La malattia, o sindrome, di Behçet è una malattia autoimmune rara e poco nota in cui il sistema immunitario attacca i propri vasi sanguigni (vene e arterie) infiammandoli. Si tratta quindi di una vasculite persistente nel tempo (cronica) che può interessare molti organi. Prende il nome dal dermatologo turco Hulusi Behçet che per primo la descrisse nel 1937.

Diagnosticare la sindrome di Behçet può essere difficile perché i sintomi sono generici e comuni anche ad altre malattie.
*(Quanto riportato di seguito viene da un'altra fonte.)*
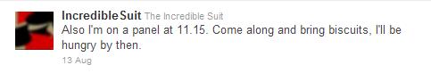 the only sensible and decent thing to do seemed to be to take the man some biscuits. After 30 or so seconds of internal biscuit debate, I settled on a packet of Chocolate Hob-nobs. The debate wasn’t exactly fiery, and seemed to settle on “critics should write true to their heart, and you should find one you like the views of to follow, and one you like to read the style of but don’t like the views of for contrast”, which is fair enough. I don’t think Karen Krizanovich liked my questions, or possibly she has a biscuit allergy of some sort, but it felt like she was giving me evils for the last ten minutes. Anyway, it was worth it just for this:
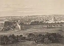 The sailing voyage ended in Alexandria, Egypt, from which the delegation continued to Cairo and farther south to take photographs of the Pyramids and various other sites. From Cairo, the delegation travelled by land to Jerusalem, where they stayed from December 11 to 14, 1839.[1] During this time, Fesquet photographed Jerusalem from the Mount of Olives, including the Temple Mount, the city walls, and its surroundings.[13][14] From Jerusalem the expedition continued to Acre, where Fesquet photographed the old city from its rooftops, the people staying there, and the Crusader fortress in the background. Finally, he photographed the city of Nazareth and its surroundings. From Nazareth, the delegation continued to Damascus, then Turkey, and returned to Paris in the beginning of 1840.

I principali includono:

  • piccole ferite (afte) in bocca e sui genitali
  • infiammazione dello strato vascolare dell’occhio (uveite posteriore o panuveite)
  • eruzioni cutanee, simili all'acne
  • mal di testa
  • dolore, rigidità e gonfiore delle articolazioni

La maggior parte delle persone alterna periodi in cui i disturbi (sintomi) sono più gravi (riacutizzazioni o recidive) ad altri in cui scompaiono del tutto (remissione).
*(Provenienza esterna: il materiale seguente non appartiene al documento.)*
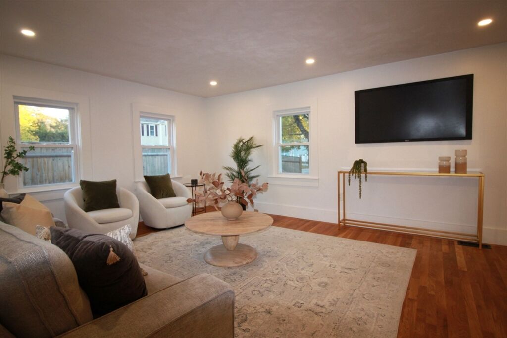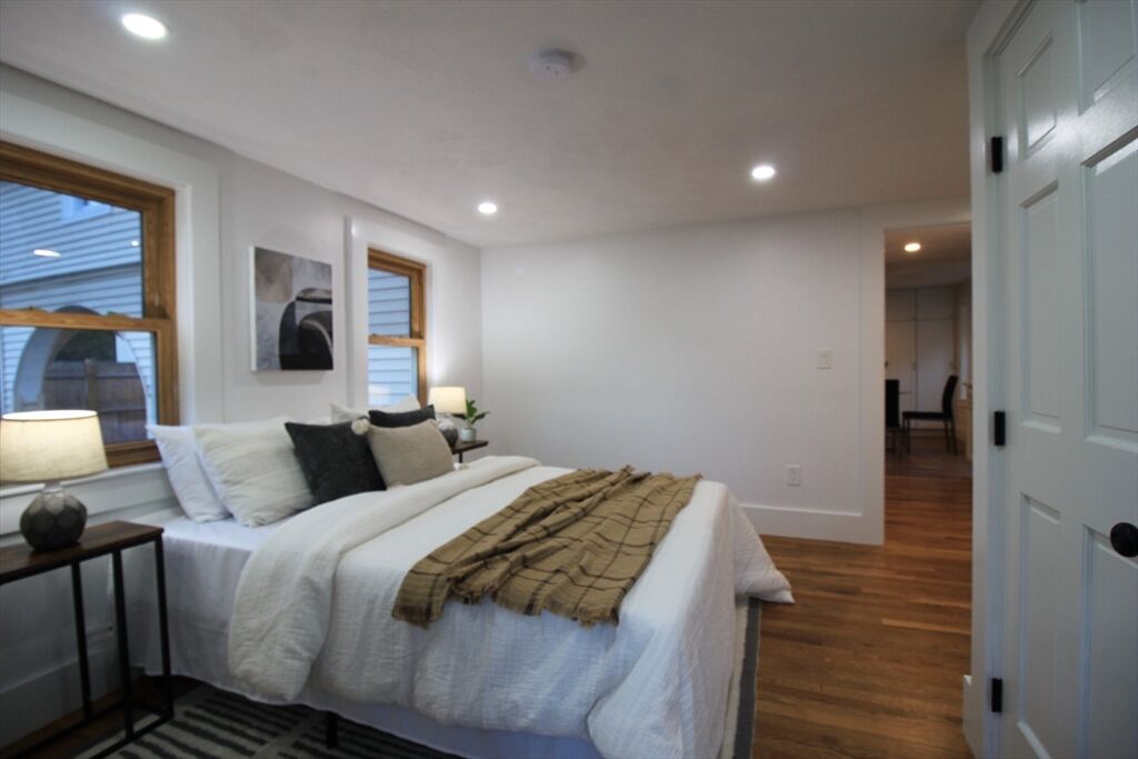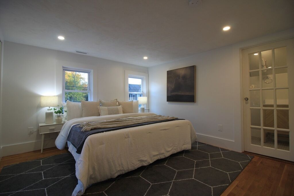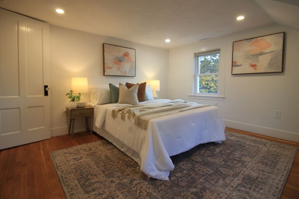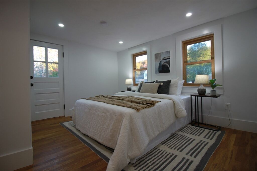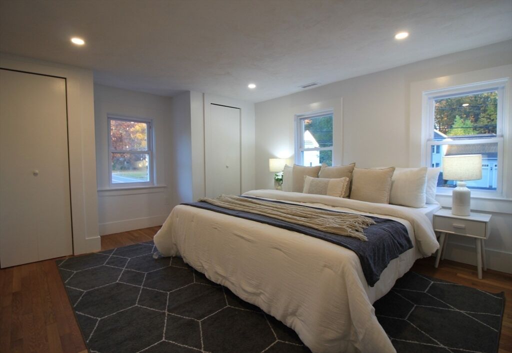 Extensively renovated 4 Bedroom 3.5 Bath Colonial Farmhouse c.1875 sited on level .87-acre lot. The work has been completed. Now just hang your pictures! 200-amp Elect. Service, Tiled Bathrooms, Kitchen w/ SS Appliances, FHA, Central AC, HW Heater, Recessed Lighting throughout, Insulated Walk-up Attic for Storage, Privacy Fence, up-graded Parking, and more. The eat-in Kitchen provides ample white Storage Cabinets and Bay Window with views of open back yard and crushed stone patio w/ fieldstone firepit. Close by is a Half- Bath and tiled 17 ft Sunroom with exterior access. Unique ground floor configuration offers a Home- Office / Guestroom with its own entrance, a Full Bath, Counter with Cabinet and Sink for the coffee maker. The 28 ft Living Room affords plenty of space for entertaining. Upstairs are the Primary BR with a 13 ft en-suite Bathroom, 3 more BRs, a Full Bath and Hall Laundry. Hardwood floors grace the home. The Lower Level offers 424 sf of finished space for activities.

La sindrome di Behçet può evolvere in maniera estremamente grave ma nel corso del tempo alcuni disturbi possono stabilizzarsi e diventare meno fastidiosi.

È più frequentemente distribuita nel bacino del mediterraneo e colpisce soprattutto maschi giovani nei Paesi medio-orientali mentre nei paesi occidentali la frequenza è tra i sessi è simile con una lieve predominanza femminile.

Si ritiene che le persone con la sindrome di Behçet, abbiano una predisposizione genetica a sviluppare la malattia.

La cura consiste nel controllarne i disturbi con farmaci che riducono l'infiammazione:

  • corticosteroidi, potenti farmaci anti-infiammatori
  • immunosoppressori, medicinali che riducono l'attività del sistema immunitario
  • terapie biologiche, farmaci che agiscono sui processi biologici coinvolti nell'infiammazione

Sintomi

Nel corso della malattia possono alternarsi periodi in cui i disturbi non sono presenti (remissione) ad altri in cui compaiono con diversi livelli di gravità (ricadute e riacutizzazioni).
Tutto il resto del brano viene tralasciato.